Re-Reading Hiroshima

John Richard Hersey, son of China missionaries, was perhaps able to bring a personal history of growing up in Asia to an unimaginable event in terms and tones that are both haunting and yet accessible. His story carries a quiet, deep respect for the Japanese victims, a humanizing story of their lives that brings them immediately and intimately to life. This is part of the power of his telling, which appeared as an article in The New Yorker in 1946. Doctors, secretaries, seamstress, mothers, priests, soldiers, and urban mix of everyday lives carry this cautionary tale.

Through the story of six key characters we experience the moment, then the long hours, and longer days that stretch from 8:15 a.m.
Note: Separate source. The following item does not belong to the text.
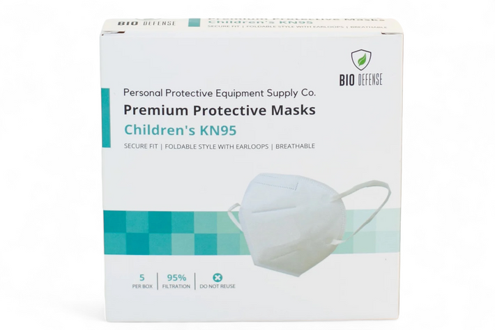 The mask features a flat-fold design with an adjustable nose piece and ear loops, ensuring a secure and comfortable fit for children. The color of the mask is white and is available in a Child Premium KN95 size. Keep your children safe and protected with the Bio Defense Premium Children’s KN95 mask from PPE Supply Co.
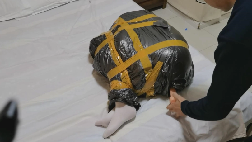 2、塑料袋包裹的不是很紧,但是很柔软也能勾勒出身形轮廓,性感的一批。

August 6, 1945 in Hiroshima, Japan to August 9th in Nagasaki, and beyond for all its unfathomable mysteries to its morbid, mundane miseries. The lingering images are of putrefying wounds, pus and melting flesh, skin coming off as “gloves” and hair being combed out by the brush full, physical responses so grotesque as to be quickly numbing.

One hundred thousand lives extinguished effectively in an instant, though for many it was a slow, painful death.

Today the story’s lingering power is a kind of understatement. The cautionary tale is that as unimaginable and unfathomable as the hydrogen bomb and nitrogen bomb were in their day (their one day each), what they most frighteningly unleashed was the reality that they could be used. There is no argument, I expect, that their fifth generation derivatives would be such orders of magnitude more powerful and destructive as to bear little resemblance to the original Little Boy. And they will be used. How can we doubt it? Unless they are all destroyed. Eliminated.

“Does it not have material and spiritual evil as its consequences…?” (John Richard Hersey, Hiroshima, Bantam Books, New York, 1959, p.115)

This would be a good day to tell the political leaders of the world to destroy the arsenal, entirely.